Make Your Openshift Application Secure(HTTPS)

Hello once again,in the recent post we have see how to create application on openshift cloud and how to make use of very important git system in order to manage our code in both the local and remote repositories respectively.
we have also seen how to use ssh to access the remote shell for doing some server side work.

Today, we will see a very interesting stuff on openshift we will make use of SSL for our newly created application,it simply means that your
application which you access from suppose this domain http://myapp-mydomain.rhcloud.com/ will become https://myapp-mydomain.rhcloud.com/
yes, you are right it’s HTTPS not HTTP that you use commonly.

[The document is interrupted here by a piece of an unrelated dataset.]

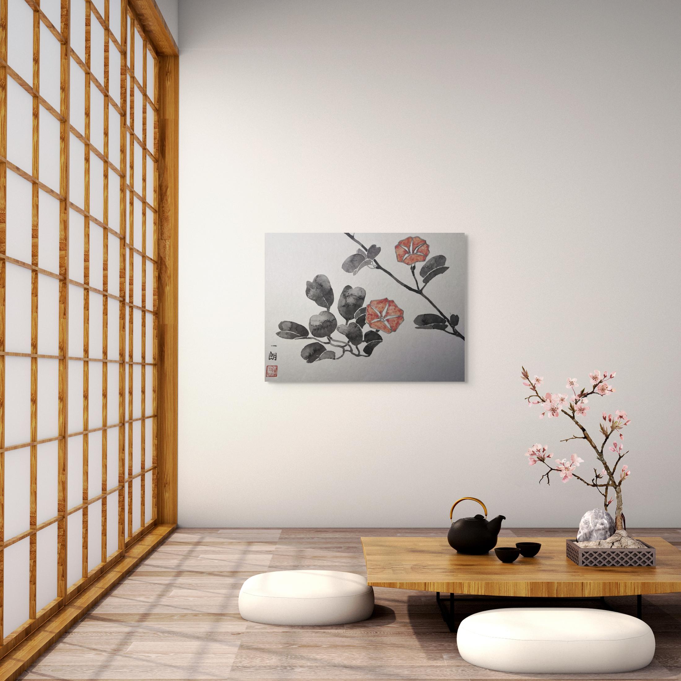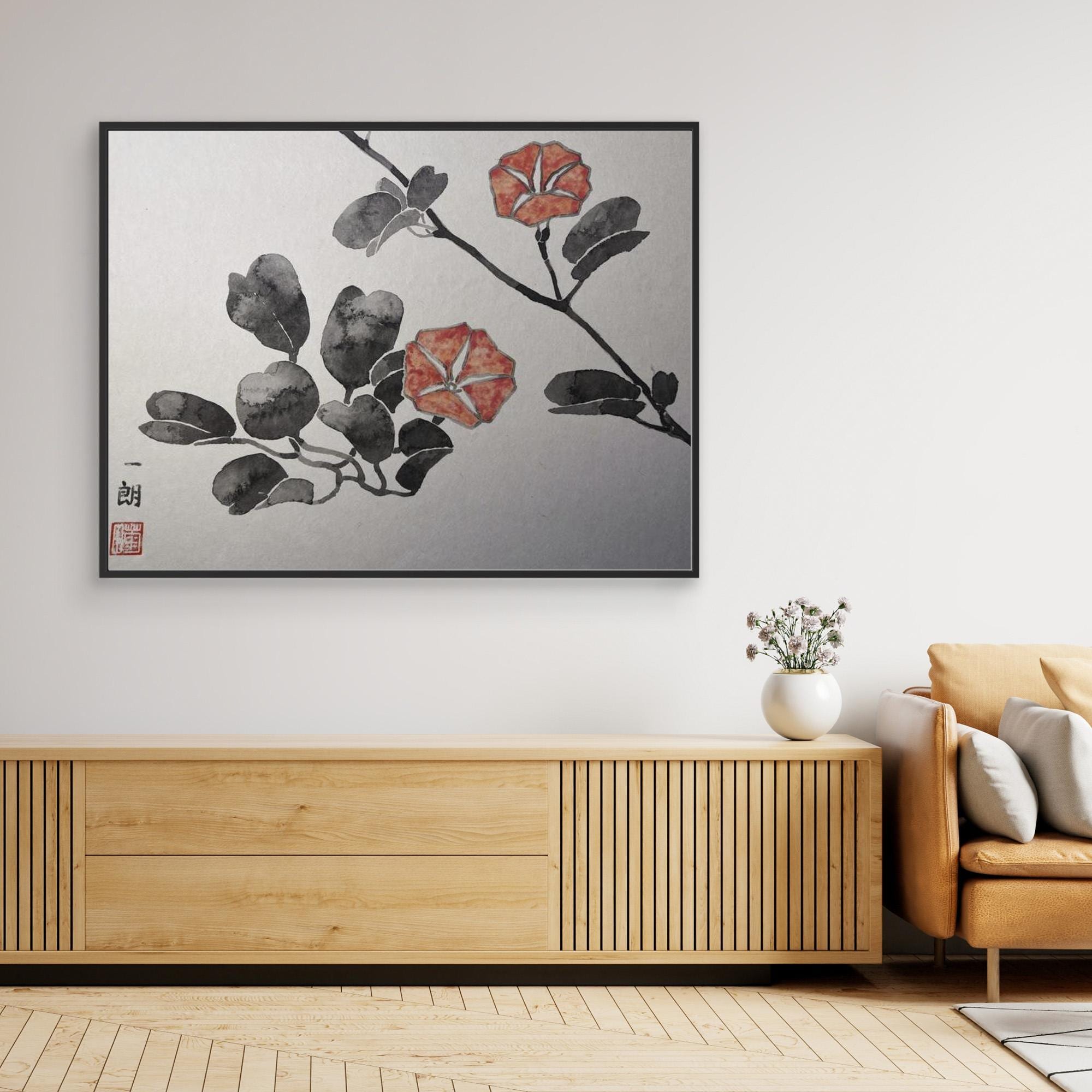 A subtle Japanese drawing with red flower detail - a perfect balance for simplicity and elegance. Ideal for Japandi, Wabi - Sabi and zen inspired interiors. Made by Ishiro Kikuta.

Now before doing this we need to understand the difference between HTTP and HTTPS.
when you say a secure site like all the banking web sites which make their transactions through the SSL tunnel,SSL is fascinated as a TLS(Transport Layer Security) in kernel network stack at the transport layer.
Now,what is SSL(secure socket layer):
I will not go into much details of SSL but explain some very important features of it.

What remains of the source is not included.